Перевод Юрия Щербакова
Мурадин Ольмезов,
Кабардино- Балкария
Тень
Тень моя,
что при мне была неотлучно,
за то, что я не давал
одной ей и шагу ступить,
вдруг на меня осерчала –
взяла да ушла.
Если заметите вы
одиноко бредущую тень,
ей передайте:
прощенья прошу,
что долго её обижал,
жду, чтоб вернулась назад.
Выйти из дома теперь
ночью только и можно
или в самую хмарь.
Вы же, без тени увидев меня,
сразу святым назовёте,
а я обманщиком быть не хочу.
Или, что хуже,
полиции в руки попасть.
Тут же возьмут под арест:
инопланетный
шпион.
Потом объясняй им,
с паспортом в руках,
что ты гражданин РФ
и живешь по адресу:
360000, КБР, г.
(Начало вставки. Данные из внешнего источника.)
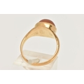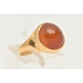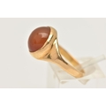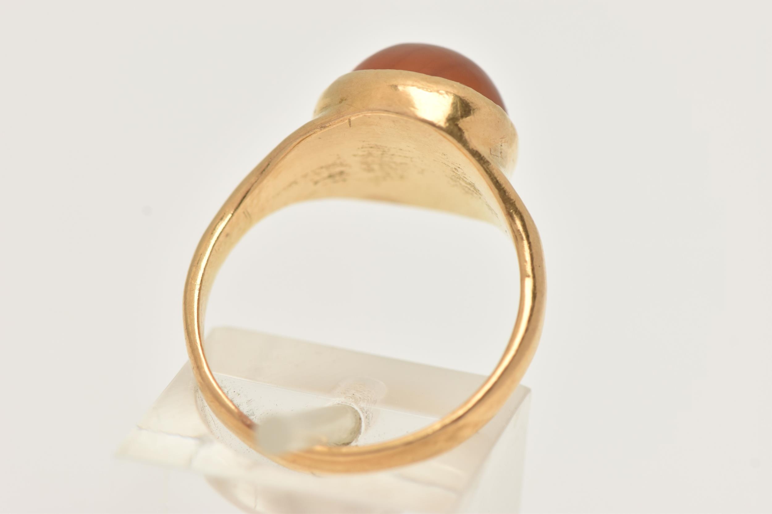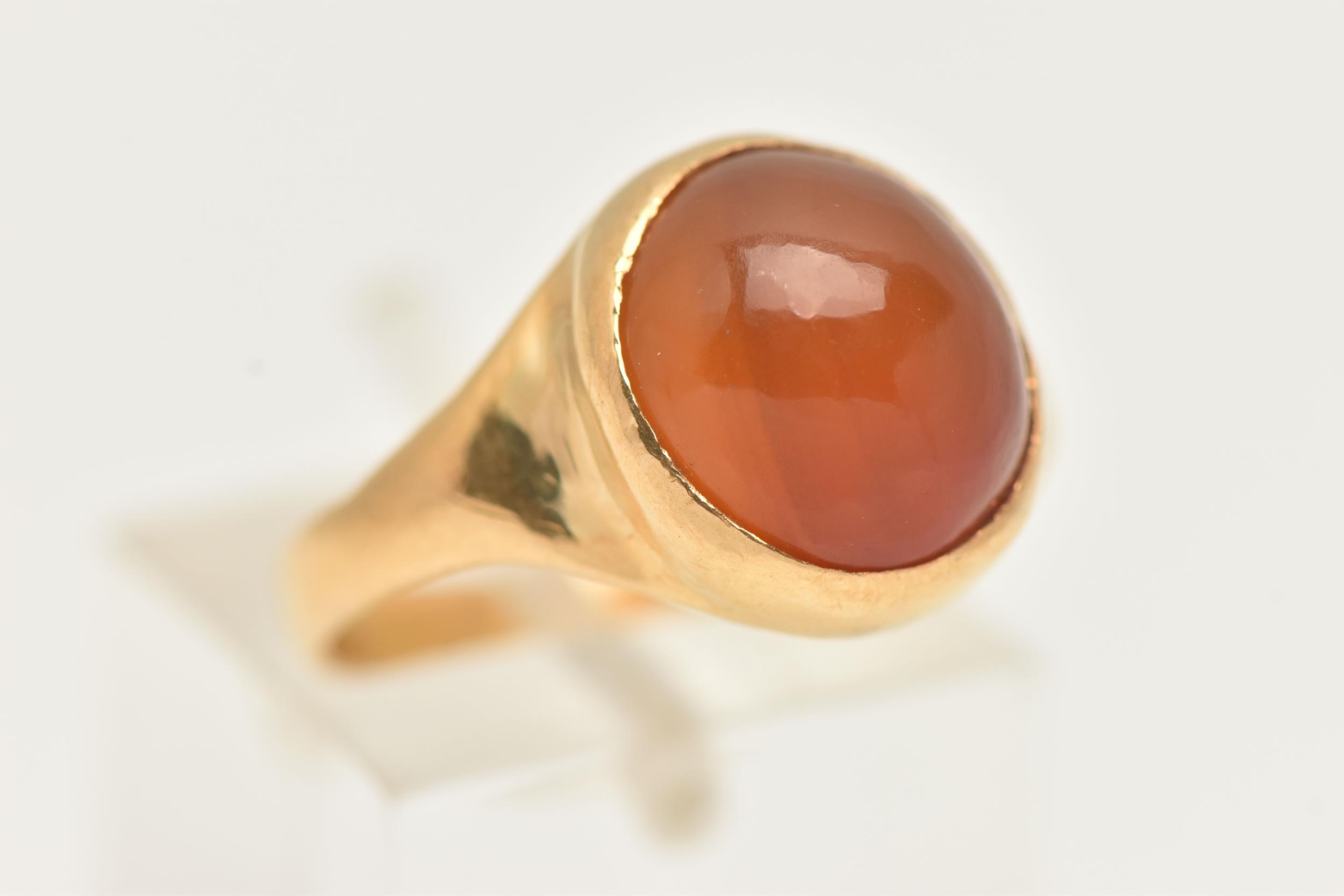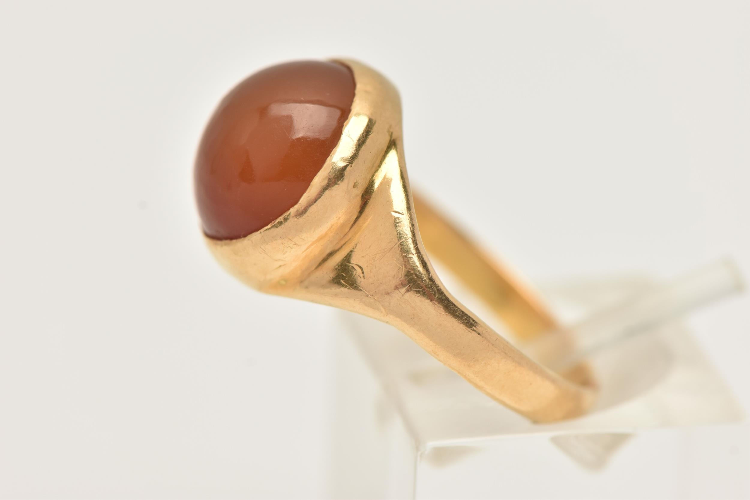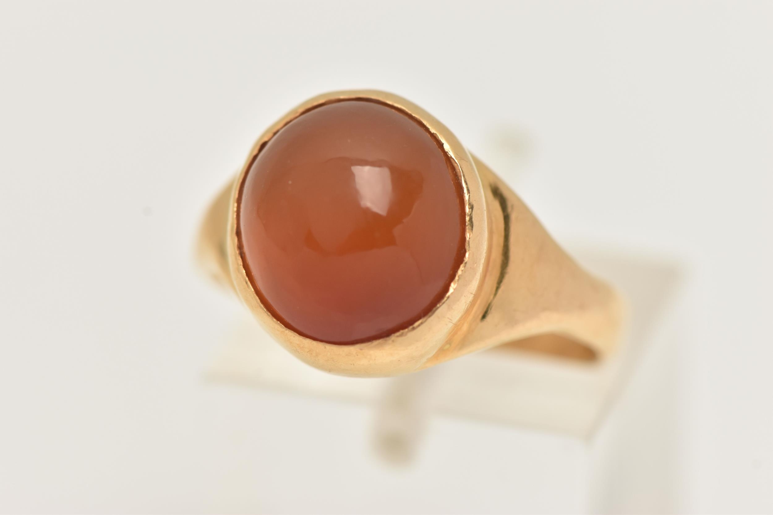 A YELLOW METAL CARNELIAN CABOCHON RING, set with an oval cut carnelian cabochon, collet set to the polished band, unmarked metal, ring size N, approximate gross weight 6.4 grams (condition report: general light wear, stone set slightly off centre, metal acid tests as gold we cannot guarantee the fineness, viewing is advised)

Нальчик,
и что ты писатель,
автор 20 книг,
и что тебя читают
даже во Франции.
Эй, люди добрые!
Тень помогите найти!
Кто я без тени,
что?
Абу Исмаилов,
Чечня
Предчувствие
Я увидел, как крушились горы.
Я услышал, как рыдал Старик.
Заглушив пустые разговоры,
Совести раздался тихий крик.
Тот февраль, жестокий и холодный,
Вышибить его слезу не смог.
В сердце том, железном, кто сегодня
Растопил слезящийся комок?
Молится седой Старик и плачет,
К мудрости взывая тех и тех:
– Помните Аллаха, а иначе
Гнев его обрушится на всех!
Пусть исчезнут ложь, обман, притворство,
Славословье, раболепство, лесть!
Пусть всегда горят в душе у горца
Имя Бога, Родины и честь!
Дай нам вырваться из волчьей пасти!
Остуди холодною струёй
Тех, кто вверх карабкается к власти,
Тех, кто уже катится с неё!
В августовском небе тучи тают,
Открывая нам мерцанье звёзд.
Кто не слышал, как Земля рыдает?
Кто не видел стариковских слёз?
Это плачет не старик-чеченец –
Сердце начинает понимать –
Плачет не родившийся младенец,
Сына не дождавшаяся Мать.
Обо всём Аллах предупреждает:
В темноте предгрозовой Ночи
Для глухого Молния сверкает,
Для слепого в небе Гром гремит.
Я увидел, как крушились горы.
Я услышал, как рыдал Старик.
Заглушив пустые разговоры,
Совести раздался тихий крик.
Магомед Насрулаев,
Дагестан
Родина
Родины моей цветы –
Краше на планете нет.
Преисполнен доброты
Праведный её рассвет!
Родина моя всегда,
Хоть вокруг меня темно,
Путеводная звезда,
Озарённое окно.
Родины моей венец –
Краше на планете нет.
Я пожизненный певец
Золотых её побед.
Детства и любви мотив –
Эхо правды и тепла,
Потрудись, покуда жив,
Чтобы Родина цвела!
Майсарат Магомедова,
Дагестан
Дочери
Не печалься, дочка, коль тебя
Неудача нынче зло гнетёт.
Счёт один победам и скорбям –
В мире всё течёт и всё пройдёт.
Мир прекрасен – в нём ты жить спеши,
Умножая свет своей души.
И не думай о грядущем и былом,
А сегодняшним живи, родная, днём.
Не грусти, прошу, молю тебя,
Будь всегда весёлой, жизнь любя,
Все твои печали мне отдай –
Я привыкла к боли, так и знай.
Неизвестно, что в судьбе грядёт,
Быть может, рок ещё сильней побьёт.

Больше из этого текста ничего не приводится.